◆ The task
Nothing but the lines from the first line of the material below through the line that holds "在曝光的聊天记录里,张婉婷提" should be set down, exactly and with pictures left out.

========

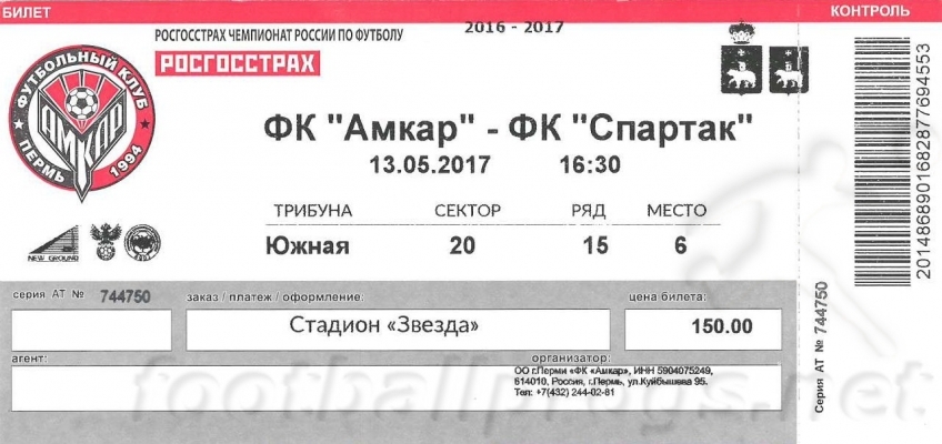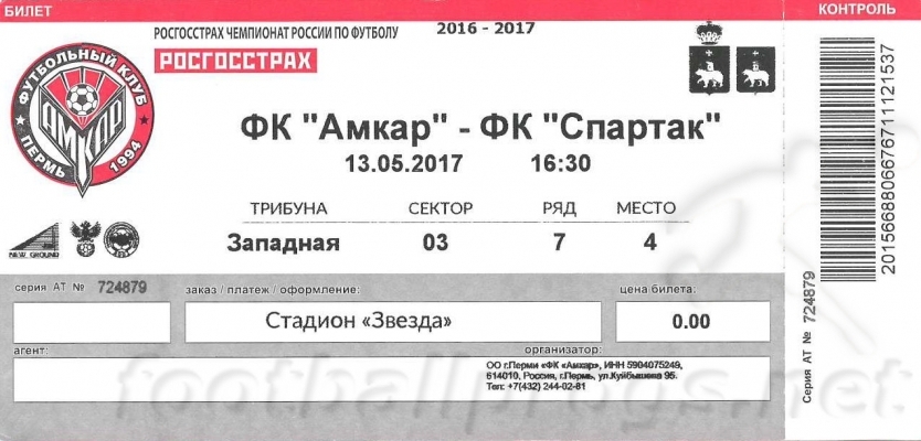Матч № 28. «АМКАР» Пермь - «СПАРТАК» - 0:1 (0:0)
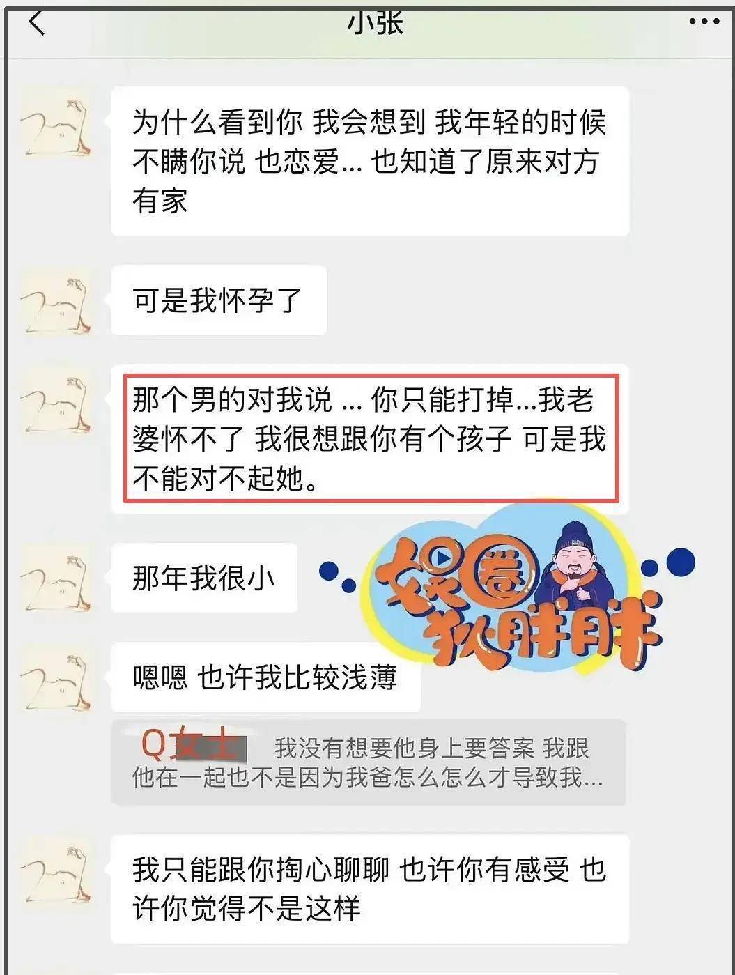 在曝光的聊天记录里,张婉婷提到自己二十岁时爱上一位已婚男性,怀孕后被迫流产,对方给出的理由是“我妻子无法生育”,这些细节曝光后,网友立刻联想到高云翔事件,因为时间和经过实在太相似。
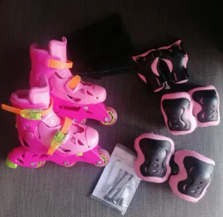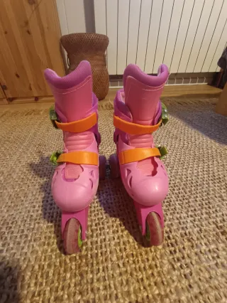 Set de patines ajustables 2 en 1 de la marca Juguettos. Tienen dos meses de uso, con señales de algún rasguño. Ideales para iniciarse en el patinaje. Incluye protecciones para mayor seguridad. - Patines de color rosa con detalles en naranja y verde. Talla ajustable del 29-32. Se pueden poner en linea o con dos ruedas detrás, como se muestra en la última foto. - Incluye rodilleras y coderas, talla S - Bolsa de transporte negra.
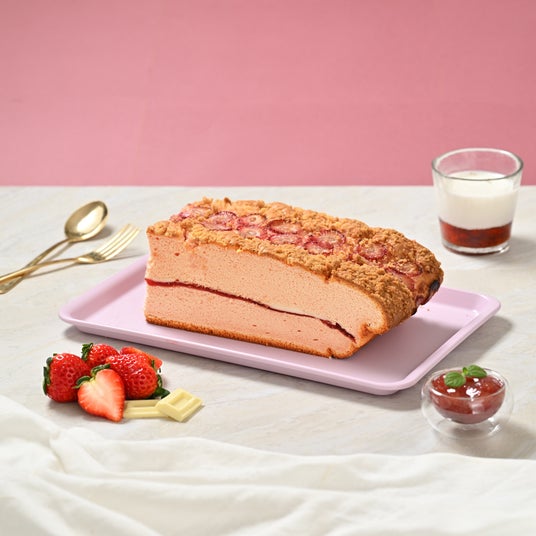 いちご風味のふんわり生地に、バター香るクランブルと甘酸っぱい苺の果肉をたっぷりトッピング。中には練乳ミルクシートといちごペーストをサンドし、甘みと酸味が絶妙に重なる贅沢な味わいに仕上げました。2025年で1番売れた商品です。
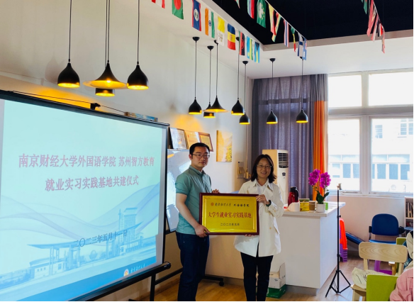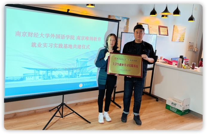 5月9日上午,南京唯纳教育总经理李斌来到学院,与院党委书记李骏就外语人才培养、雅思课程师资招聘与实习、教材开发等相关事宜进行交流。双方就实习实践基地共建开展了授牌仪式。南京唯纳教育是专门做出国语言培训的机构,汇集了一批优秀教师,本次共建,为学院学生实习实践与就业提供了平台与契机。
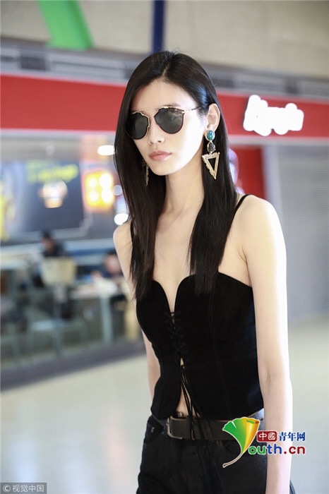 2018年7月25日,上海,奚夢瑤現(xiàn)身機場,她穿吊帶馬甲配過膝長靴,頻撩發(fā)似女特工。
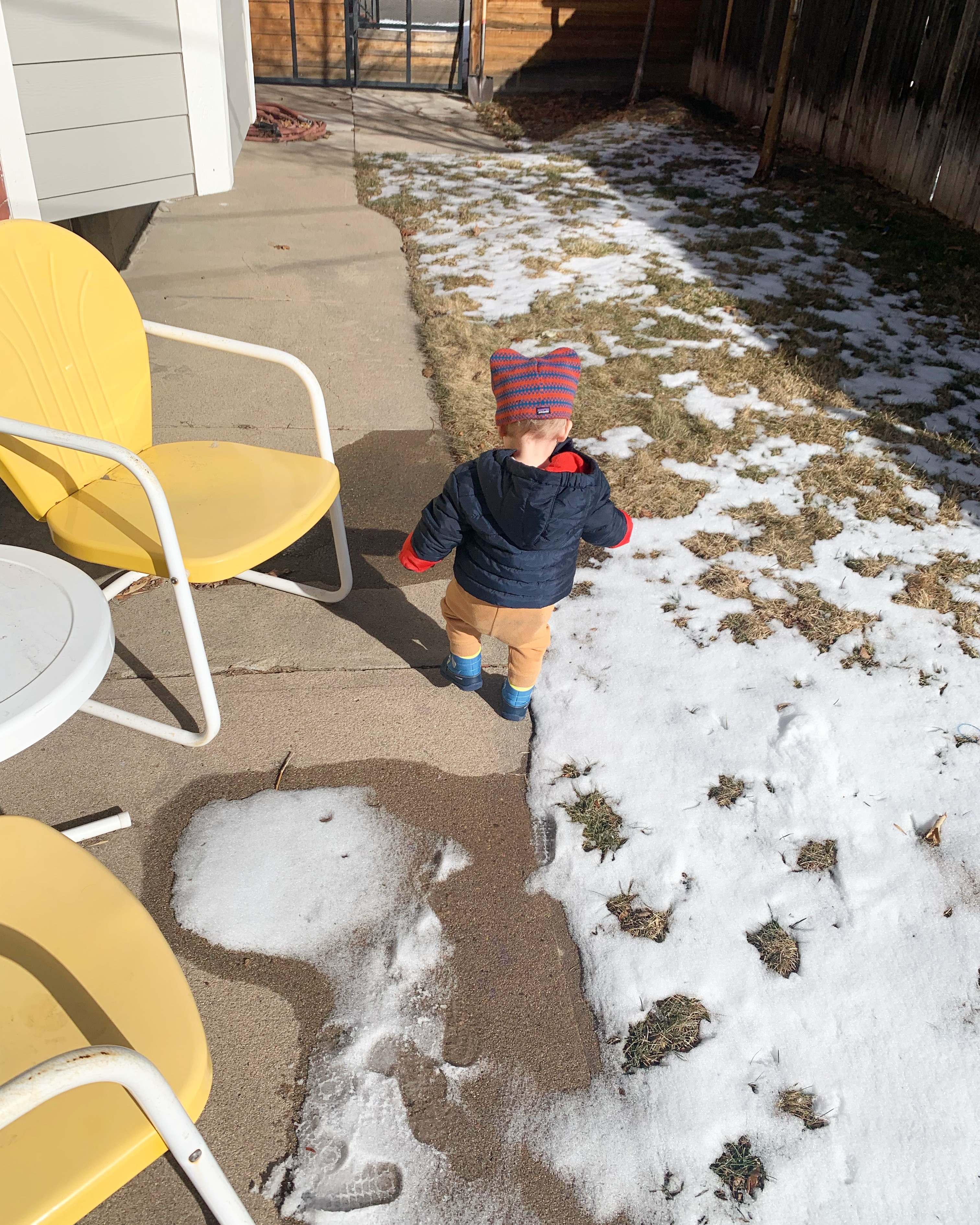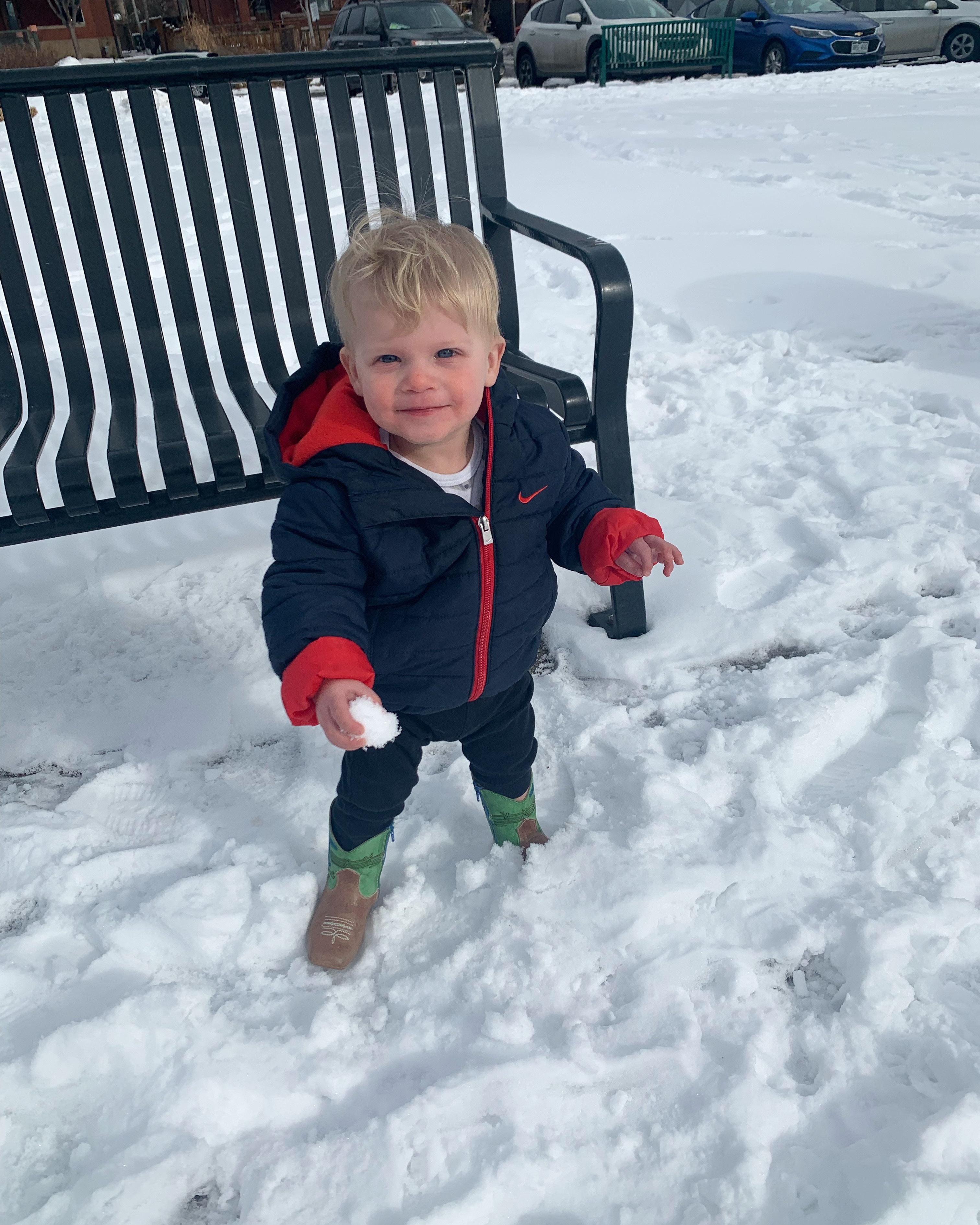 We took a quick trip to the library later on and then he walked around in the snow for a bit. He is very into picking it up and crumbling it 😂 Back at home, he had a snack then went down for his nap. Remember when I said we were back to two naps? I lied. We had a couple of days in a row where he skipped that second nap altogether so we’re back to one and it’s actually been going really well! He’ll sleep 2.5 hours usually. Weird to have lunchtime to ourselves again but also kind of nice. I ate on the couch, then watched some ski jumping and finished my book. I read Me Before You back in 2016 and just got around to the sequel, so I guess that means I will read the third one in 2028 😋
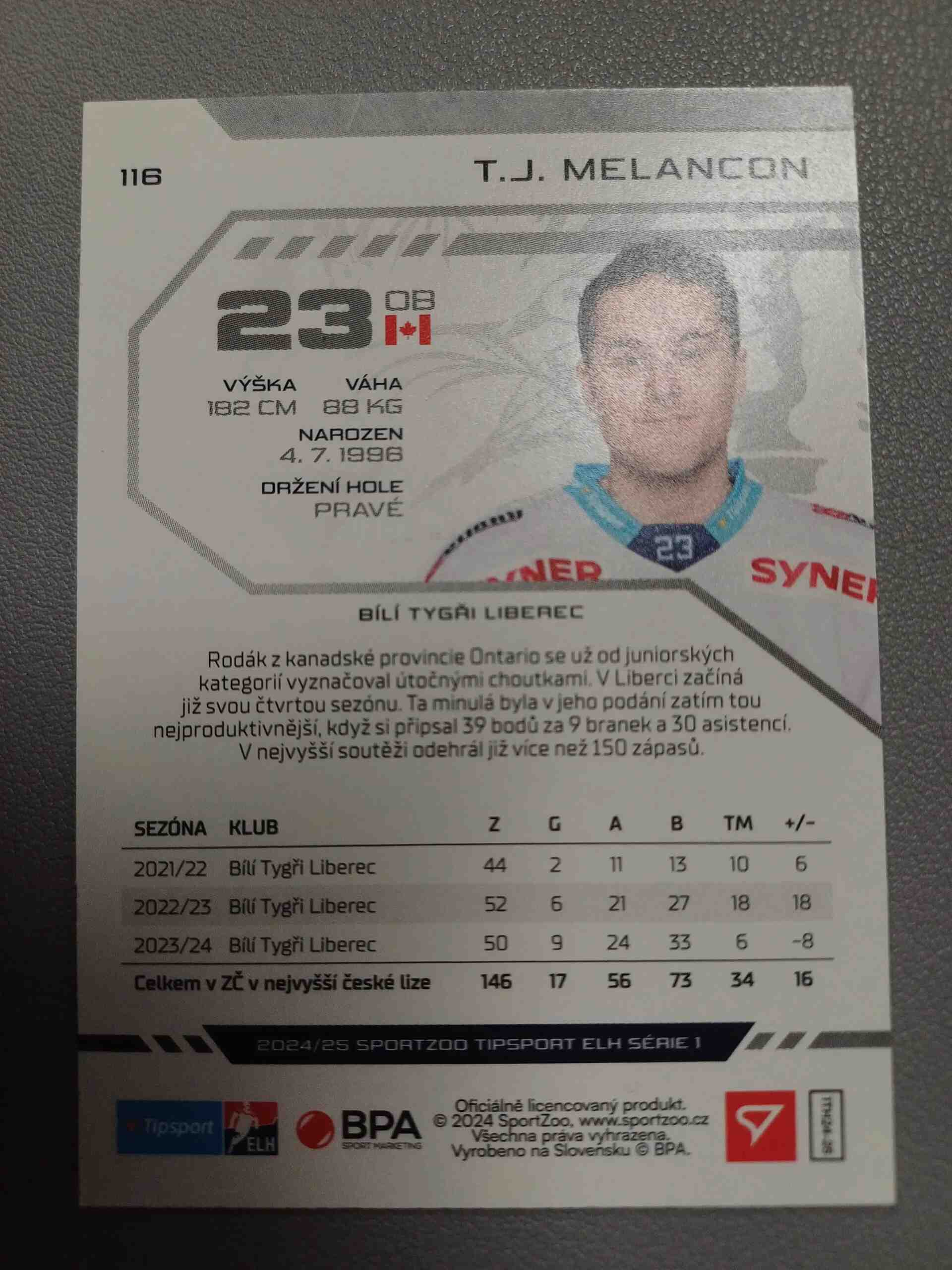 Sběratelská karta 2024/2025 Sportzoo Serie 1 Puck Marks 116 TJ. Melancon Paralel
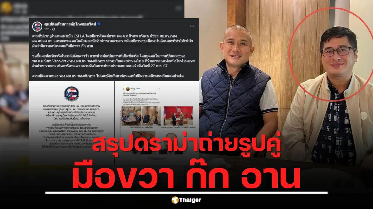 โซเชียลเดือดปุดๆ หลังเพจดังปล่อยภาพผู้บัญชาการตำรวจสอบสวนกลางร่วมโต๊ะกับคนสนิท “ก๊ก อาน” ผู้ทรงอิทธิพลชาวกัมพูชา ล่าสุดศูนย์ปราบโกงออนไลน์แจงยิบ เป็นภาพคุยงานราชการ ไม่ได้สังสรรค์ส่วนตัว
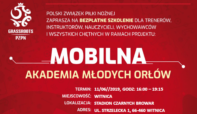 Polski Związek Piłki Nożnej zaprasza na BEZPŁATNE SZKOLENIE dla trenerów, instruktorów, nauczycieli i wychowawców w ramach projektu Mobilna Akademia Młodych Orłów. Najbliższe szkolenie odbędzie się 11 Czerwca 2019 roku w Witnicy. Poniżej przedstawiamy szczegółowe informację oraz listę powołanych zawodniczek.
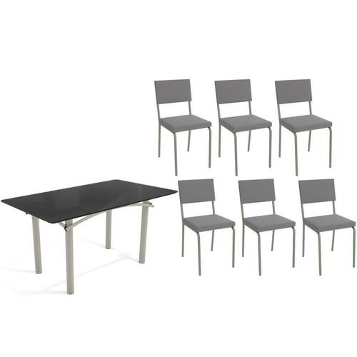 Sala de Jantar Completa Elba Tampo Madeirado c/ Vidro 160cm e 6 Cadeiras Zaria Niquel/Preto - Suede Cinza - Kappesberg Abaixo segue os produtos do KIT: Sala de Jantar Completa Elba Tampo Madeirado c/ Vidro 160cm e 6 Cadeiras Zaria Niquel/Preto - Suede Cinza - Kappesberg
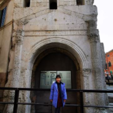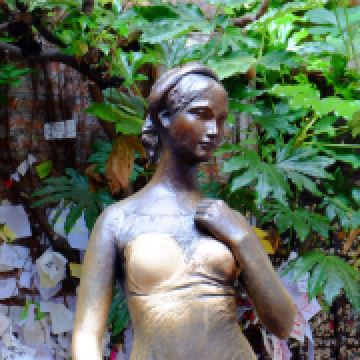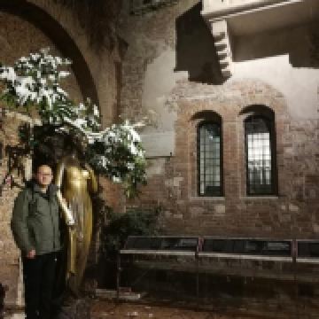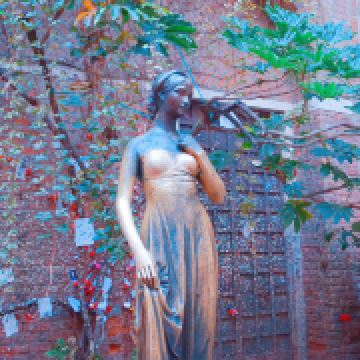 大门正面靠院墙是比朱丽叶的青铜塑像,据传,手摸朱丽叶的右乳许愿,便可得到她真诚的祝福,使有情人终成眷属。院子的右边,抬头便可看到举世闻名的“朱丽叶的阳台”。阳台不大,外面雕有简单的图案,两边可见两扇小窗。罗密欧就是在这个阳台下与朱丽叶密密幽会,互诉衷肠,并从这个阳台爬上去,与朱丽叶私定终身。有兴趣的话你可以另付费用进入阳台留影。
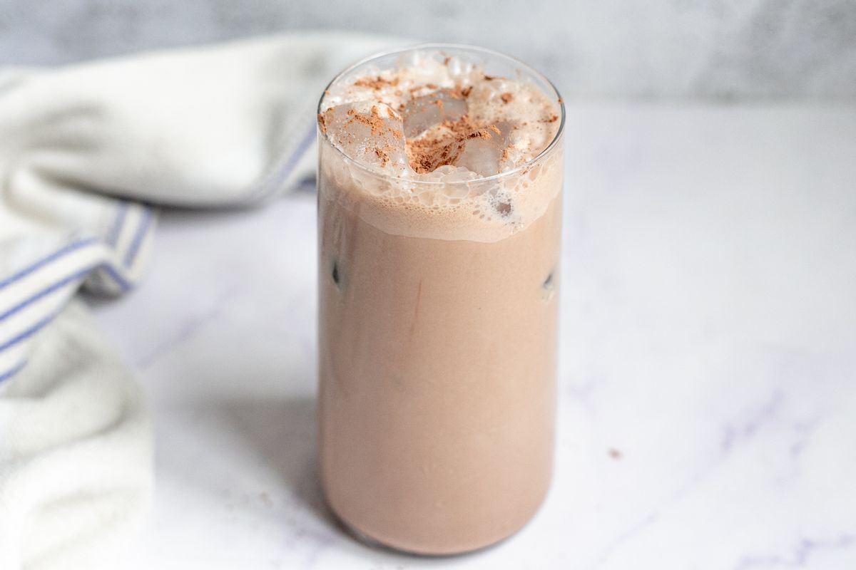 Add the ice to a tall glass. Pour the chocolate cappuccino over the ice. Top with whipped cream, milk foam, or a sprinkle of cocoa powder (optional).
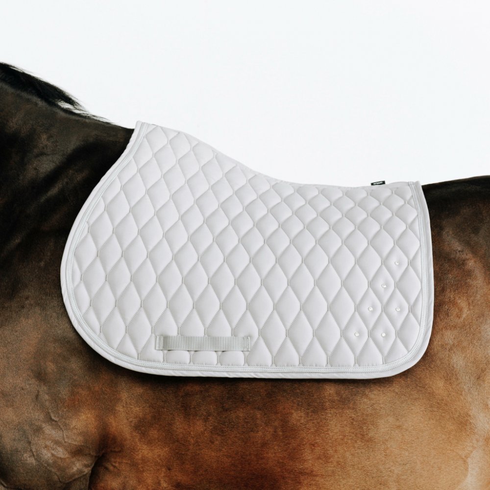 Elegantní a pohodlná podsedlová dečka. Hledáte elegantní a pohodlnou podsedlovou dečku? Tento model s kamínky odvádí pot a přizpůsobí se tělesné stavbě vašeho koně. Elegantní dečka s propracovaným střihem přesně kopíruje anatomii koně. |Použité materiály jsou velmi elegantní a střih respektuje potřeby koně. Zakřivení a švy na horní linii jsou navrženy tak, aby se dečka co nejlépe přizpůsobila hřbetu koně, netlačila na něj a nezpůsobovala nepohodlí. |Velikost je univerzální. Dečka je vhodná pro koně a poníky ze sekce D. |Materiál na vnitřní straně dobře odvádí pot a rychle schne. Materiál na vnější straně je saténový, velmi lehký a také rychle schne. |Dečka 500 se hodí pod univerzální a skoková sedla. Nehodí se však pod westernová a drezurní sedla.
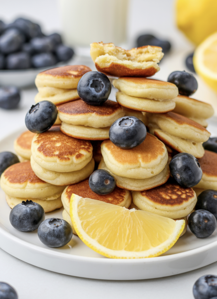 Today, I’m going to make mini blueberry lemon pancakes! They’re so easy to make and so delicious!
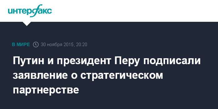 Москва. 30 ноября. INTERFAX.RU - Президенты РФ и Перу Владимир Путин и Ольянта Умала в Париже "на полях" конференции по климату провели переговоры и подписали заявление о стратегическом партнерстве.

========

◆ Your response
Матч № 28. «АМКАР» Пермь - «СПАРТАК» - 0:1 (0:0)
 在曝光的聊天记录里,张婉婷提到自己二十岁时爱上一位已婚男性,怀孕后被迫流产,对方给出的理由是“我妻子无法生育”,这些细节曝光后,网友立刻联想到高云翔事件,因为时间和经过实在太相似。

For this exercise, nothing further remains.